Not all bots come in peace, but for sure, there are a lot of them out in the wild. According to this study, bots generated around 47% of the global web traffic in 2022.
Take a step back and let that sink in.
In 2022, only 52% of the web traffic was done by people like you and me.
To get a good understanding of what you are up against in Google Analytics, let me briefly list the nature of the beast that can visit your site and skew your reports.
3 Examples of bad bots
Bad bots come in many forms. They can seriously harm your site in unexpected ways.
1. Scalper bots
These nifty bots buy tickets and other exclusive items online with the sole purpose of reselling them at a higher price later on. Selling out high-tickets in seconds may sound like a dream for a platform or web shop. In reality, this can burn your reputation to the ground. People don’t like to be beaten by robots.
2. Spam bots
These bots excel at trolling. They can, for instance, fill in comment sections on blogs at a higher speed than you can remove them.
3. Scraper bots
These programs steal web content at high scale. The intention is often to copy competitors and do them harm further down the road.
3 Examples of good bots
Good bots can help businesses thrive. They do tedious jobs in the blink of an eye and they can also collect tons of data that would otherwise take days or even months to collect.

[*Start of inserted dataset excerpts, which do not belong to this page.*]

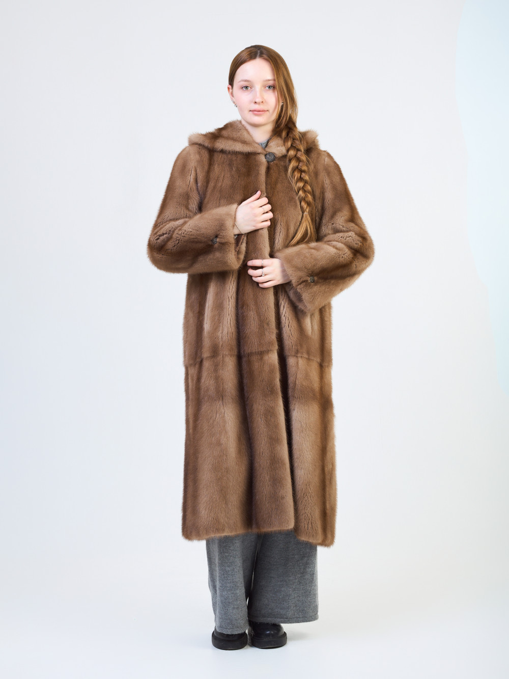 Шуба норковая б/у Flaumfeder 46р поперечка с капюшоном
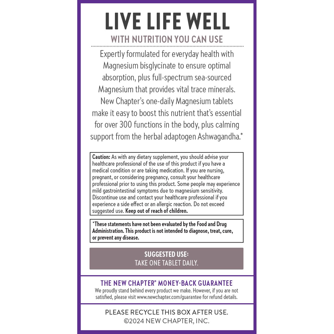 New Chapter Magnesium Glycinate with Ashwagandha for Muscle, Heart, Nerve and Bone Health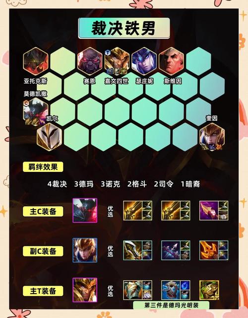 〖Four〗、前期:大剑开局,合成无尽或饮血剑作为打工装备。中期:找到乌鸦的鬼书和冰甲,保证重伤效果和坦度。后期:补充尼拉的输出装备,如果男枪先二星,也可以将装备先给男枪,后续多余输出装备给狮子狗。阵容站位与运营节奏:站位:根据敌方阵容调整站位,确保刺客英雄能够切入敌方后排。
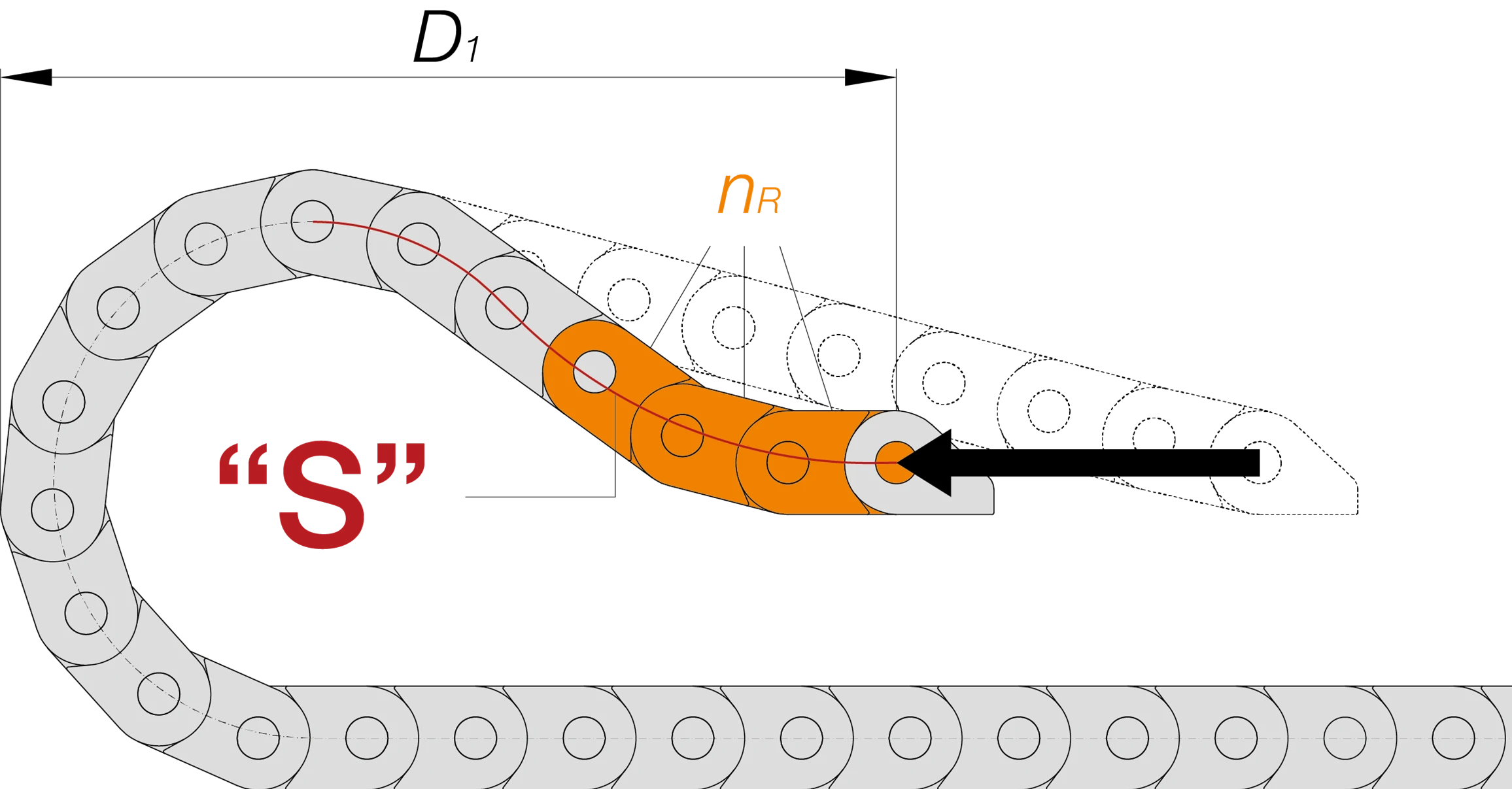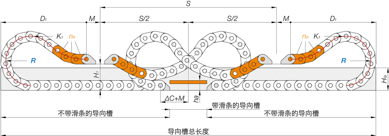 反装链节数nR取决于拖链类型及弯曲半径,可在每个系列的安装尺寸中查询。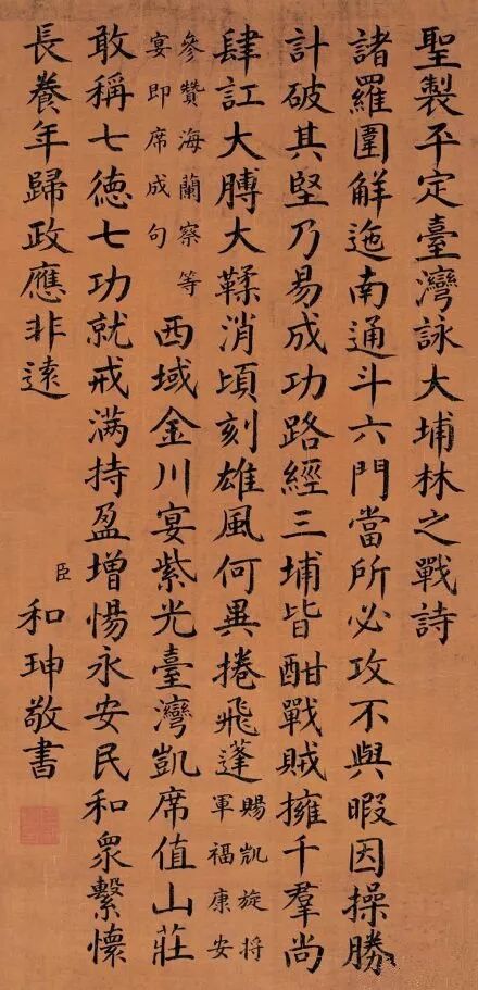 和珅的书法,故宫有收藏,其书法融欧、颜、柳于一体,颇具书卷气,可知当年是用过功的。任何手段、任何资料,都难以记录、反映历史人物的原貌和全貌,民间有“和珅跌倒,嘉庆吃饱”之说,我们由此知道和珅是巨贪。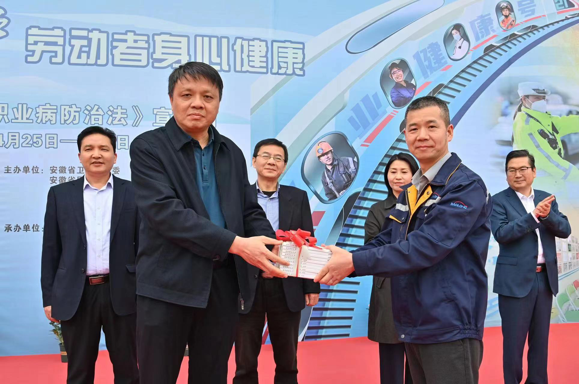 启动仪式上,周涛二级巡视员指出,全省职业健康工作坚持以习近平新时代中国特色社会主义思想为指导,认真贯彻落实《职业病防治法》,坚持把职业健康融入到卫生健康事业改革发展全过程,以新时代卫生健康工作方针为指引,以职业病防治规划为主线,坚持“五字”工作策略,深入实施职业健康保护行动,职业病防治体制机制不断完善,重点行业专项治理持续推进,技术服务和支撑能力明显提升,风险监测评估工作不断加强,职业病各项保障政策不断完善。但职业健康工作与当前经济社会需求相比,还仍有待进一步提升,要求各级各部门、各企业要充分认识严峻形势,加大工作力度,强化工作措施,要坚持以习近平新时代中国特色社会主义思想为指导,深入贯彻落实党的二十大精神,紧紧围绕健康安徽建设战略目标,努力在治理体系上进一步完善,在防治法治水平上进一步提高,全面推动安徽职业健康工作创新发展,努力开创工作新局面。仪式最后,余润泽副院长还代表我院向保隆(安徽)汽车配件有限公司捐赠《职业病防治300问》书籍,旨在维护劳动者健康权益,提升用人单位职业健康管理人员及广大劳动者职业健康意识。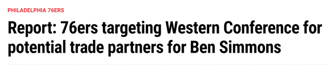 这意味着,76人不愿将西蒙斯送往东部球队。美媒表示,76人本赛季的目标是打进总决赛,而把西蒙斯送给东部球队,可能会让球队赛季的未来更加艰辛。上赛季,76人的常规赛战绩排名东部第一,但他们在东部半决赛被老鹰淘汰。西蒙斯在罚球线上的糟糕表现,是76人落败的一大因素。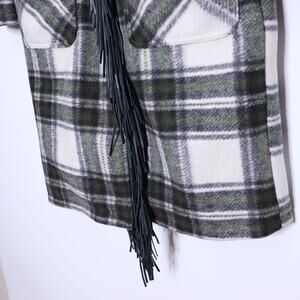 BLANK NYC Fleece Mid Length Coat Green Plaid Collared Fringe Hem Women's XS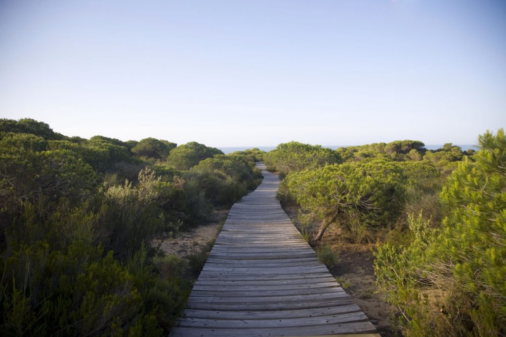 Los terrenos de viñedos de la Denominación de Origen circundan el perímetro del Parque Nacional, por lo que el cultivo de la vid está aquí sometido a una serie de restricciones que no se dan en otros parajes y que le hace ser una actividad no agresiva con el medio ambiente. Pero dentro del parque no hay vides, claro, sino marismas y bosques de pino y matorral mediterráneo que crecen en un suelo arenoso y donde se da la mayor concentración de biodiversidad de Europa. Casi toda la costa que va desde Matalascañas a Mazagón también forma parte del Parque, por lo que hay una buena colección de playas vírgenes en las que pienso terminar mi viaje. El punto final será el Parador de Mazagón, desde donde también prestan bastante atención al enoturismo y proponen diferentes actividades en colaboración con otras empresas.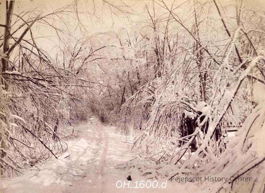 "Brunswick after Ice Storm", Feb 1891, Woodlawn Avenue, off lower end of Federal Street, Brunswick, ME. The Avenue is now part of the new Route 1 made in 1960. No date for the photograph is given.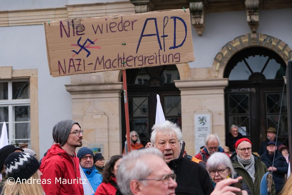 Nach einer kurzen, musikalischen Pause formierte sich unser Demonstrationszug zur evangelischen Kirche, bevor die AfD- Veranstaltung beendet war, da wir uns unsere Demonstration nicht von der AfD vorschreiben lassen. Wir trafen und begrüßten auf dem Rathausplatz die “Kidical Mass” Tour.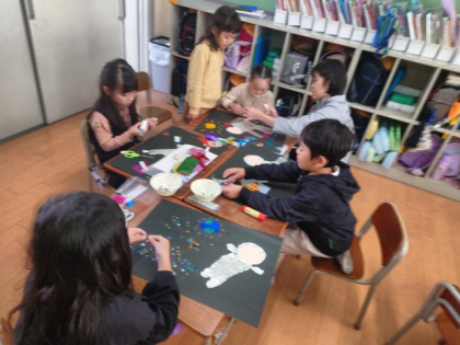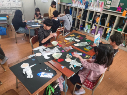 色紙を切り抜いていろいろなパーツを作り、画用紙に貼って宇宙飛行士や宇宙を表現します。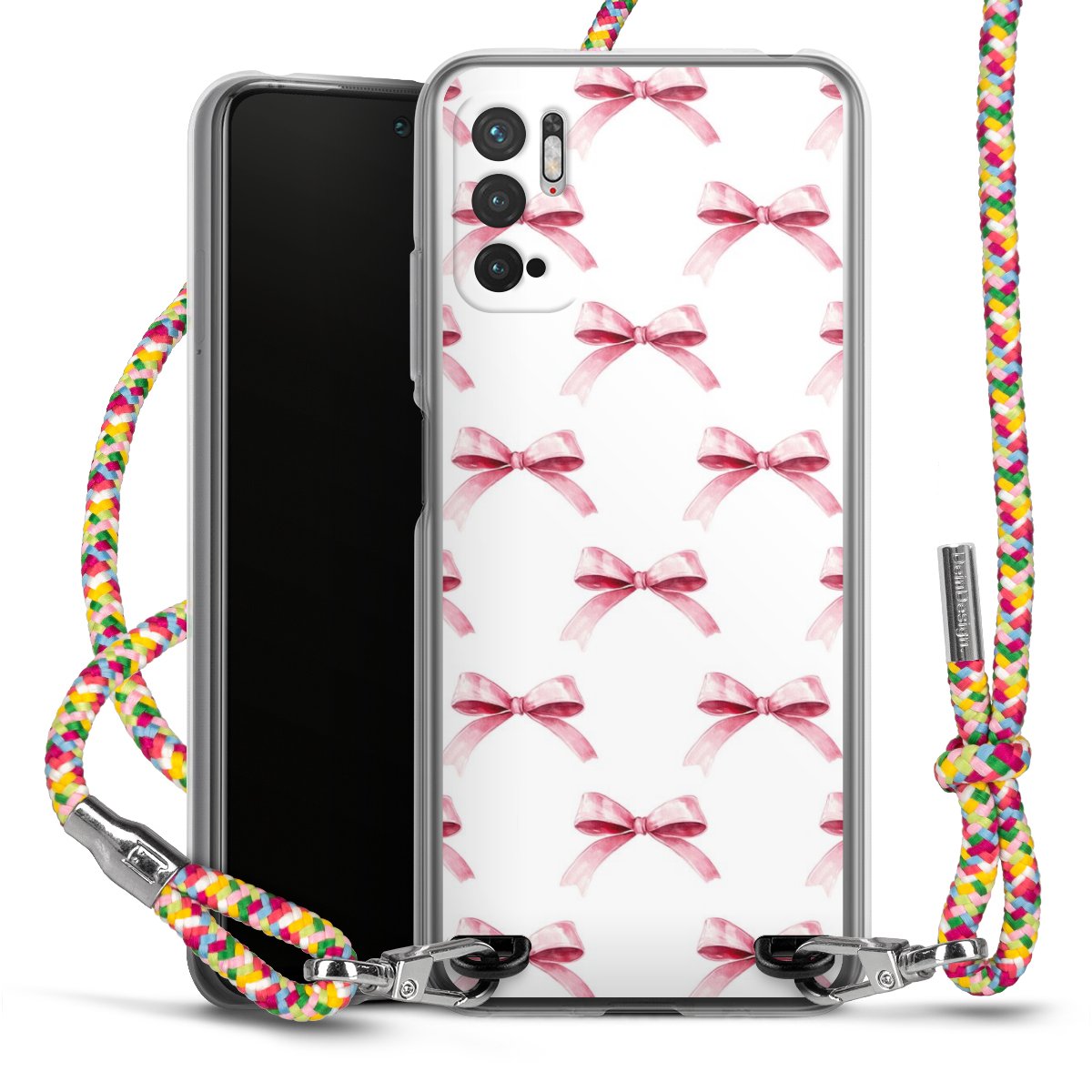 The flexible case is made from a highquality TPU material (thermoplastic Polyurethan). Thanks to its longlasting and break resistant characterisitcs, the case is flexible yet consistent in form and has a great grip and feel. The textile strap made from Polyester gives a chic yet casual accent allowing you to carry your phone like a bag or necklace - a practical gadget perfect for your next adventure. The textile strap is about 1.70 meters long and the length can easily be adjusted through the knots. Our Carry Case is available in Colourful, Mint-Camouflage, Very-Berry, Sahara-Sand and Sparkling-Neon. The ends of the textile strap are covered with metallic end caps to protect them against fraying.

1. Web crawler, spider, or search engine bot
Googlebots are the most advanced ones. They constantly scan the internet in search of videos, images, texts, links and whatnot. Without these bots, your site would not have a single visitor from organic search.
These programs make it possible to detect all the links a website and page is getting from other websites. They are an important tool for SEOs.
3. Website monitoring bots
These bots keep an eye on websites and can notify the owner when the website is, for instance, under attack by hackers or when it’s completely offline.
Bots. The good and the bad.
And then there is you, dealing with ugly bot traffic in Google Analytics. You don’t want to take decisions based on their visits to your site.
Why? Because bots are not real users, and they don't perform like humans. Heavy bot traffic (5% of sessions or more) can skew our data, pollute our analytics and ruin typically useful metrics like page value.
The question is: do you really need to worry?
Does Google Analytics 4 block bot traffic?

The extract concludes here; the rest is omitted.